Also does async gather act as a task group? So essentially in your case, it will wait for all queries repones to return before marking true and allowing the rest of your code to continue? I am wondering if this makes it look like InfluxDB is batching queries.

@bednar do you have any ideas about how we could achieve the requirement using our python client?

@Jay_Clifford Thank you very much for following up with this.

Just to clarify, this work attempts to reproduce what has already been seen with another technology (Asynchronous querying in C++). When querying asynchronously multiple queries, we would have a batched-like response from InfluxDB, even though we use different querying sockets. And with python modules asyncio and aiohttp, I seem to be finding the exact same behaviour.

I’ll try the python client as it is wise to leave to no stone unturned. :slight_smile:

However, our end goal is to be querying InfluxDB with C++ so sadly, the python client will not be a viable solution for us (although if there are specificities in its implementation, I am all ears!).

@Jay_Clifford I had a look in the docs of the python API. It looks like all queries are sent synchronously.

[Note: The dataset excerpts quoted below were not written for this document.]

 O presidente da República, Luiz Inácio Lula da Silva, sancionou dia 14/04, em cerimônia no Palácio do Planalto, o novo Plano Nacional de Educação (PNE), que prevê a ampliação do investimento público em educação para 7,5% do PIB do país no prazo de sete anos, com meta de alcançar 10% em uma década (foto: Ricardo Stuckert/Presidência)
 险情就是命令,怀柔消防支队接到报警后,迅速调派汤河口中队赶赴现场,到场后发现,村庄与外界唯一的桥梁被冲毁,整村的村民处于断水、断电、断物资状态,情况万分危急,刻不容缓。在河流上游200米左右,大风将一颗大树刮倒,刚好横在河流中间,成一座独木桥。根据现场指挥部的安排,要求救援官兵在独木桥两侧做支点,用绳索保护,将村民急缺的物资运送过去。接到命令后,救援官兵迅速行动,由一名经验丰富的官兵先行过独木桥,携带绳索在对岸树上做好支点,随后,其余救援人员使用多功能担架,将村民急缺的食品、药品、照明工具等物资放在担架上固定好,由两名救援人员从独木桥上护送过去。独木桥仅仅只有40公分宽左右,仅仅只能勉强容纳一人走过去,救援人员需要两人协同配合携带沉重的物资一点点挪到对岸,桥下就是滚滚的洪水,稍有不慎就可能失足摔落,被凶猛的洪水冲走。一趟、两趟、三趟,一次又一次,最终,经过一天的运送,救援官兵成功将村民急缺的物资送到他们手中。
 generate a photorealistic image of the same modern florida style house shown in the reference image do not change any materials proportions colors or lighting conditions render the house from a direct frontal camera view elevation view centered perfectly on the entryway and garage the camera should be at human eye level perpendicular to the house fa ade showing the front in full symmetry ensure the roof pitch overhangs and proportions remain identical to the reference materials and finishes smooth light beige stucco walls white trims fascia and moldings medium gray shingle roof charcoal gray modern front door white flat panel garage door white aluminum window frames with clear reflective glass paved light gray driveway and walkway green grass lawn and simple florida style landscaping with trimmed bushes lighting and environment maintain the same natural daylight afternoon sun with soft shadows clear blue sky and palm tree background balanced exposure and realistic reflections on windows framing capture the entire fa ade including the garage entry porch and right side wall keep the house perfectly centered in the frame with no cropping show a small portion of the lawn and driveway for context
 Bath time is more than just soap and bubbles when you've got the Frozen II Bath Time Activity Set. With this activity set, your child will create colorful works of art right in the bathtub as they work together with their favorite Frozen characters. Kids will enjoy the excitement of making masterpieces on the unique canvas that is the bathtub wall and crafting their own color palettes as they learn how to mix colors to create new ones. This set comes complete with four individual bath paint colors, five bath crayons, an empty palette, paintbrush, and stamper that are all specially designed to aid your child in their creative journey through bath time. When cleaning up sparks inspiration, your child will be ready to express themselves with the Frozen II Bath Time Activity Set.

Screenshot 2021-12-07 at 10.08.43

So my take is that I’ll probably be seeing the same thing if I make several asynchronous calls using the python client. :cry:

Hi @M0nk,
I must admit you have truly stumped me on this one. In a good way! :wink: I have passed your query back to our engineering team for insight. Hopefully they will get in touch to explain the query engine internal mechanics further.

My apologies I could not be of further help. I will keep pushing internally for you.

@Jay_Clifford Thank you very much for your kind help. :slight_smile:

Looking forward to hearing from the engineering team about this.

Best wishes,
M0nk

Hello @Jay_Clifford,

I hope this email finds you well. Have you been able to get some info on this matter?

Best wishes,
M0nk

Hi @M0nk,
None yet, it’s been quite a busy few weeks for our engineer team :slight_smile:. I have given another nudge internally so hopefully, someone will take a look soon.

Thanks,
Jay

Awesome thank you. Apologies to the engineer team for loading up their plate even more!
I’ll be really grateful though if I can get some help. :slight_smile:
Best wishes,
M0nk

I don’t believe there is any kind of server-side batching mechanism for queries. Each query is a separate HTTP request and the request/response cycle for each one is entirely independent of any others with respect to batching.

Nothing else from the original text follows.